One method utilizes shields that are placed over the eyes to block the direct CT X-ray beam [4, 5], but this is a relatively recent development and is not widely used, particularly in the USA. The other methods use positioning to exclude the lenses; in the case of head CT, this is accomplished by angling the slice acquisitions parallel to a line drawn between the supraorbital ridge and the posterior margin of the foramen magnum [6] in order to include brain parenchyma while excluding the lenses. One way to accomplish this is to tilt the CT gantry and the other is to position the patient by tilting the head forward and tucking the chin to the chest [7]. The focus of this study is head CT examinations, but similar modified principles could be applied to other examinations such as neck CT. In some cases, such as facial bone or sinus CT, avoiding direct lens exposure is impossible using gantry tilt or positioning techniques and must be weighed against the diagnostic benefit of the exam or performed with lens shielding.

Gantry tilt and patient positioning are part of basic CT technologist training, but it has long been observed that compliance is generally low [8], and we have also observed fairly consistent lack of compliance at our institution. This is likely because the techniques required to exclude the lenses from the direct CT beam can be challenging, especially when patient positioning is the only option.

It has also been shown that continuous feedback generally improves and sustains performance [9], and without such feedback, human nature is to accomplish the goal in the most straightforward manner possible. Indeed, we performed a manual quality improvement project at our institution several years prior to this work to optimize lens exclusion in head CT examinations for accreditation purposes; during the project, performance improved substantially but because feedback was manual and cumbersome, it was not sustained and performance returned to baseline when the project concluded. We also found that without such continuous evaluation, department leadership may not be aware of important operational decisions and purchases that could help technologists improve their performance.

Recently, we developed a deep learning (DL) object detection algorithm utilizing a convolutional neural network (CNN) that can detect both globes and lenses simultaneously and automatically in head CT examinations (Fig. 1). We chose to target head CT examinations because we found that lenses are frequently included but often can be excluded, therefore providing opportunity for substantial quality improvement. Other examinations such as maxillofacial CTs cannot be performed without including the lenses, and examinations such as neck or cervical spine CTs may rarely include the lenses but not enough where intervention would substantially improve performance.
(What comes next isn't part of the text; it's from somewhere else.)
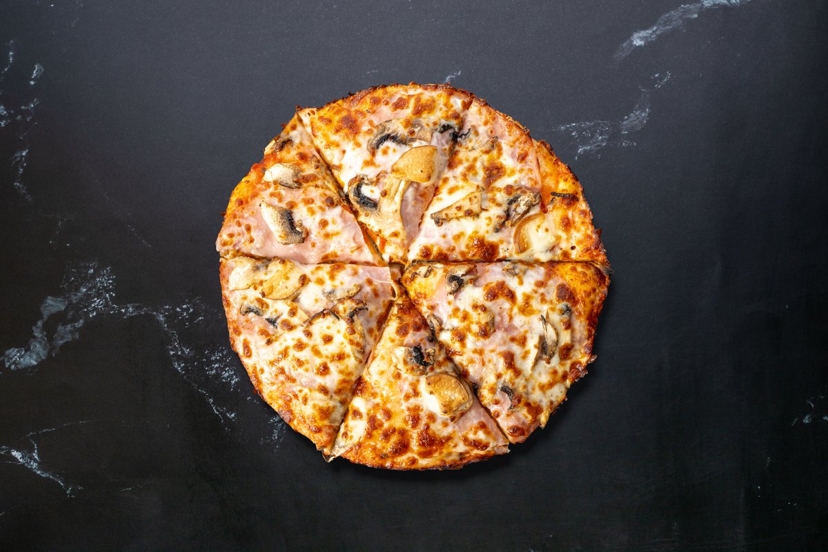 доматен сос, пилешко филе, пресни гъби, кашкавал, млечна царевица топено сирене 40см

We hypothesize that such a model can reliably detect when lenses are included in head CT examinations to both establish objective baseline compliance rates as well as provide prospective real-time continuous feedback to improve compliance. We also believe that this tool could also be used for other purposes such as retrospective population health evaluation.

Fig. 1
figure 1

Simultaneous object detection of lens and globe in a representative axial head computed tomography (CT) examination slice

Materials and Methods

Institutional review board (IRB) exemption was obtained. One hundred routine head CT examinations consisting of 4128 distinct 512 × 512 3 mm axial soft tissue kernel images were used for training purposes. Thin slice (1–1.5 mm reconstructions), multiplanar reconstructions (coronal and sagittal), and other kernels (bone, etc.) were not used as lenses are readily observed on standard axial images. Pixel data was extracted from the source Digital Imaging and Communications in Medicine (DICOM) files into Portable Network Graphics (PNG) format. Rectangular training bounding boxes were drawn on the objects of interest using a modified version of the open source Simple Image Annotator [10, 11]. Objects of interest included lens, globe, lens implants, and other (i.e., objects near the globes that should be ignored). Labels and bounding box coordinates were stored using the Karlsruhe Institute of Technology and Toyota Technological Institute (KITTI) [12] format.

The pretrained Berkeley Vision and Learning Center (BVLC) GoogLeNet model [13] along with a network modified from the original design of single object detection to allow simultaneous detection of both globes and lenses while ignoring artificial lens implants and other structures was used. Training was performed using the Nvidia Deep Learning GPU Training System (DIGITS) platform [14; version 6.1.0] utilizing the Nvidia fork [15; version 0.15.14] of the BVLC Caffe framework [16, 17]. The Adaptive Moment Estimation (ADAM) solver was used with a base learning rate of 0.0001. No data augmentation or other image preprocessing was performed. Training was performed on a standard workstation equipped with an Nvidia Quadro P6000 graphics processing unit (GPU), but processing of individual images for testing or in real-time quality improvement operations only required a standard central processing unit (CPU) without any specialized processing or deep learning capabilities.

Training was optimized on the 100 examination, 4128 image dataset described above with 826 images (20%) used for in-training validation. Mean average precision (mAP) was used as the performance metric against the validation set. Improvement in mAP was seen fairly quickly after 20–30 epochs with stabilization out to 100 epochs. A separate naïve test dataset of 10 head CT examinations consisting of 404 distinct images was then used to establish accuracy, sensitivity, and specificity for both globes and lenses.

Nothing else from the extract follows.